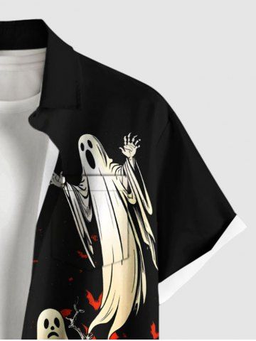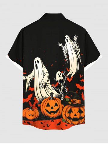 Chemise grande taille à imprimé citrouille, fantôme, chauve-souris, arbre, boutonnée, pour homme, Halloween - Noir - Noir
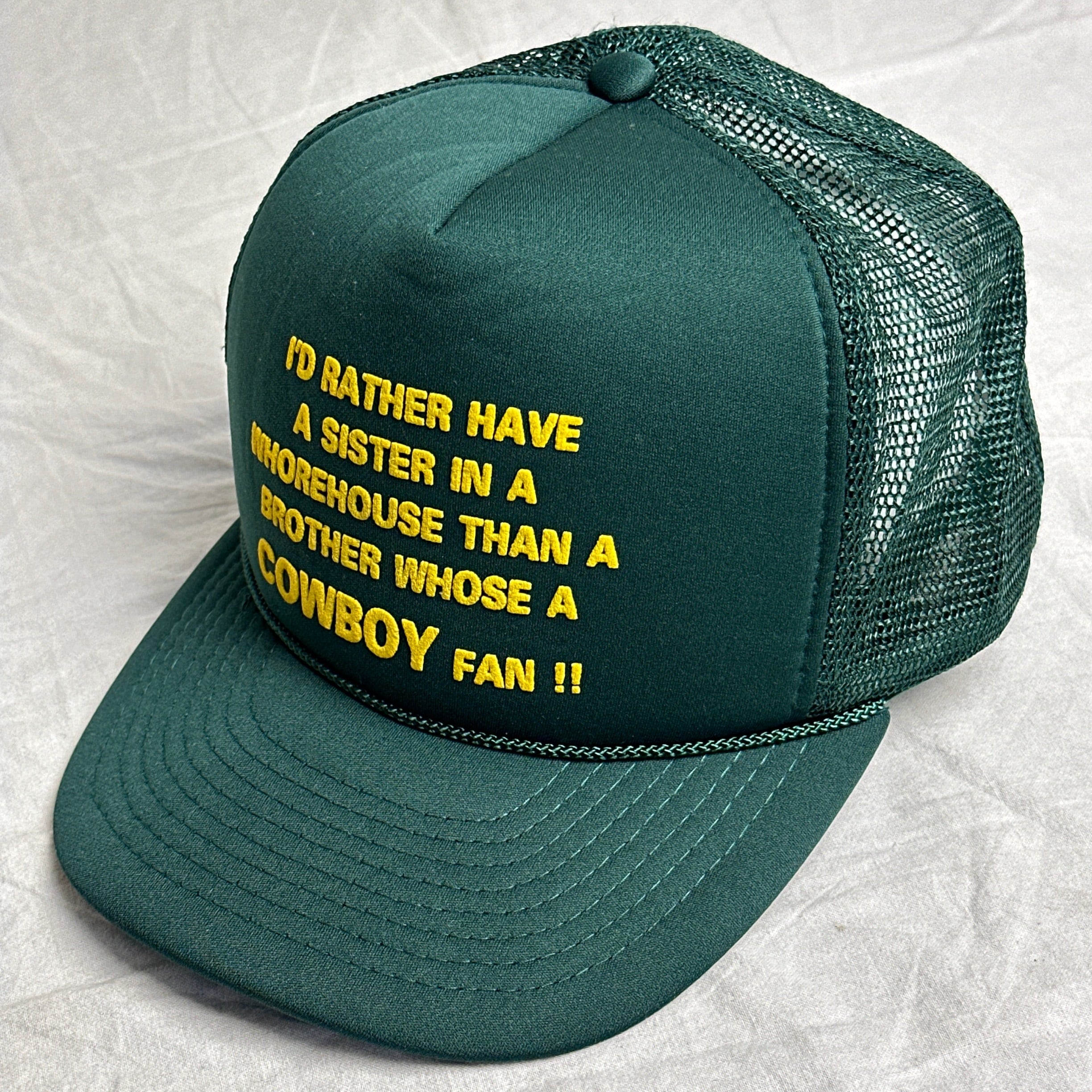 発泡プリントで「I'd rather have a sister in a whorehouse than a brother whose a cowboy fan!! (カウボーイファンの兄より売春婦の妹の方が良い!)と書かれたいかにもアメリカらしいジョーク混じりのキャップです。
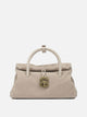 Borsa a mano "Dotta Jones" Zanellato, realizzata in pelle scamosciata e martellata, presenta una costruzione strutturata e silhouette compatta. Il modello è dotato di manici rigidi, chiusura roll-top a calamita, nastrini tubolari con fibbia twist-lock e dettagli a borchie lungo i profili. La parte interna offre una tasca con cerniera e scomparto principale foderato. Tracolla regolabile e rimovibile mediante ganci metallici.

- _Assignment_
Repeat the listing above up to and including the line with "発泡プリントで「I'd rather have", starting from its first line. Drop any pictures.

- _Exercise response_
 Chemise grande taille à imprimé citrouille, fantôme, chauve-souris, arbre, boutonnée, pour homme, Halloween - Noir - Noir
 発泡プリントで「I'd rather have a sister in a whorehouse than a brother whose a cowboy fan!! (カウボーイファンの兄より売春婦の妹の方が良い!)と書かれたいかにもアメリカらしいジョーク混じりのキャップです。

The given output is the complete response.